4. EXCURS: DESCRIBING THE NETWORK BASED ON PAGE RANK
While I already said that I will not create a classic network graph, it still might be interesting to see who the major players in the book are and how there position changed over time. PageRank is not only in our case the most promising measure but arguably on of the most popular ranking algorithm as well(designed and made famous by Google founder Larry Page). Therefore, in order to illustrate some properties of the networks I focus on this indicator. But what does PageRank actually measure? Basically, there are three distinct factors that determine the PageRank of a node: (i) the number of links it receives, (ii) the link propensity of the linkers, and (iii) the centrality of the linkers. The first factor is not surprising: the more links a node attracts, the more important it is perceived. Reasonably, the value of the endorsement depreciates proportionally to the number of links given out by the endorsing node: links coming from parsimonious nodes are worthier than those emanated by spendthrift ones. Finally, not all nodes are created equal: links from important vertices are more valuable than those from obscure ones (cited from https://www.sci.unich.it/~francesc/teaching/network/pagerank).
The first plot below illustrates the ten most important people according to PageRank across the five books. Besides, it is shown if the character is dead or alive. For example, one can clearly see that Tyrion is one of the most powerful characters across all books. The same holds true for Jon, except that his values are biased because of the other characters named Jon. This problem becomes especially apparent when Jon Connington shows up in book 5. Other interesting patterns include among other the extraordinarily powerful duo Jaime and Cercei in book 4, Daenerys rise, as well as Sansa’s and Aryas high ranking in book 3 which frankly spoken came as a surprise. Sansa is basically a captive in King’s Landing and Arya is most of the book a captive of the hound. While one may argue that Sansa’s value as a Stark heir and a pawn for other player, I struggle to find a convincing explanation for her little sister.
## plotting top 10 page rank by book and character
# prepare dataset
got_final %>%
gather(centrality_measure, value, (13:17), factor_key = TRUE) %>%
group_by(book, centrality_measure) %>%
top_n(n = 10, value) %>%
arrange(book, value) %>%
filter(centrality_measure == "page_rank") %>%
# plot data
ggplot(aes(x = first, y = value)) +
geom_bar(aes(fill = status), stat = "identity") +
ggtitle("Most powerfull characters according to PageRank (Book1-5)") +
ylab("PageRank") +
theme(legend.title = element_blank()) +
facet_grid(. ~ book, scales="free_x") +
theme(axis.text.x = element_text(angle = 90, hjust = 1, vjust = 0.2)) +
scale_fill_manual(values=c("steelblue", "darkgrey"))Next, one might be interested not in the single character but in the Great Houses in general.
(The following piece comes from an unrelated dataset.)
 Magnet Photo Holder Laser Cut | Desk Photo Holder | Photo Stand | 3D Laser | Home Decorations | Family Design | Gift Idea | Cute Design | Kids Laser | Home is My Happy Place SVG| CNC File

Hence, the plot below illustrates - for each House - the summed PageRank of all it’s members and supporters. For example, we can observe the decline of House Stark, the rise and fall of House Lannister, the strengthening of the Targaryens, and the increasingly important role of the wildlings.
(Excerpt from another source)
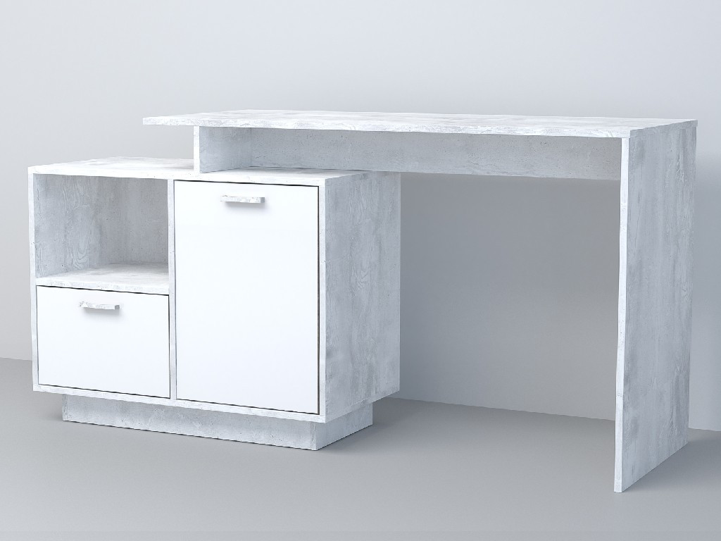 Стол письменный Эго Ст-2 бетон светлый/белый глянец на цоколе

## plotting top 10 page rank by book and allegiance
# prepare dataset
got_final %>%
gather(centrality_measure, value, (13:17), factor_key = TRUE) %>%
filter(centrality_measure == "page_rank") %>%
select(book, allegiances, value) %>%
group_by(allegiances, book) %>%
summarise(pr = sum(value)) %>%
filter(allegiances != "none") %>%
group_by(book) %>%
top_n(n = 6, pr) %>%
# plot data
ggplot(aes(x = allegiances, y = pr)) +
geom_bar(aes(fill = allegiances), stat = "identity") +
ggtitle("Most powerfull groups according to PageRank (Book1-5)") +
xlab("") +
ylab("PageRank") +
theme(legend.title = element_blank()) +
facet_grid(. ~ book, scales="free_x") +
theme(axis.text.x = element_text(angle = 90, hjust = 1, vjust = 0.2)) +
scale_fill_brewer(palette="Set3")Lastly, we may also plot the PageRank just for a subset of people and in a different fashion compared to the plots above. The plot below shows the values for the mayor dead characters who did not die in the first book. Unfortunately, there does not seem to be a clear pattern.
# lets take a look at PageRank over time
# prepare data
dead.main.characters <-c("Tywin", "Joffrey", "Catelyn", "Robb", "Renly")
got_final %>%
select(first, book, status, page_rank, closeness) %>%
group_by(book) %>%
filter(first %in% dead.main.characters) %>%
# plot data
ggplot(aes(x = book,
y = page_rank,
group = 1)) +
geom_line() +
geom_point(size = 3) +
facet_grid(first ~ .) +
geom_text(aes(label=round(page_rank*100,1)),
vjust = - 0.5,
position = position_dodge(.9),
size = 3) +
ggtitle("PageRank of mayor dead characters") +
xlab("Book") +
ylab("PageRank") 5. MACHINE LEARNING
Honestly speaking, I’m far from an machine learning expert and my roots rather lie in inferential statistics. Basically most of the stuff I know is from Kaggle competitions, books like “Machine Learning with R” or “An Introduction to Statistical Learning”, and MOOCs. So bare with me for any potential shortcomings of which I hope are not too many. Moreover, I will not describe each algorithm in detail. If you are interested in the math I recommend reading “The Elements of Statistical Learning”. I rely on the R package “caret” for the next steps. Caret is basically a set of functions that attempt to streamline the process for creating predictive models. The package contains tools for:
- data splitting
- pre-processing
- feature selection
- model tuning using resampling
- variable importance estimation
5.1 SPLITTING DATA
Splitting the data is essential for machine learning tasks. If I were in a data-rich situation, the best approach for model selection and model assessment is to randomly divide the dataset into three parts: a training set, a validation set, and a test set. The training set is used to fit the models; the validation set is used to estimate prediction error for model selection; the test set is used for assessment of the generalization error of the final chosen model (Hastie & Tibshirani: 2017). Due to the small sample size I rely on resampling to estimate model accuracy and avoid overfitting though. Here, the training set is split into k smaller sets. The following procedure is followed for each of the k “folds”: First, a model is trained using k-1 of the folds as training data. Second, the resulting model is validated on the remaining part of the data (i.e., it is used as a test set).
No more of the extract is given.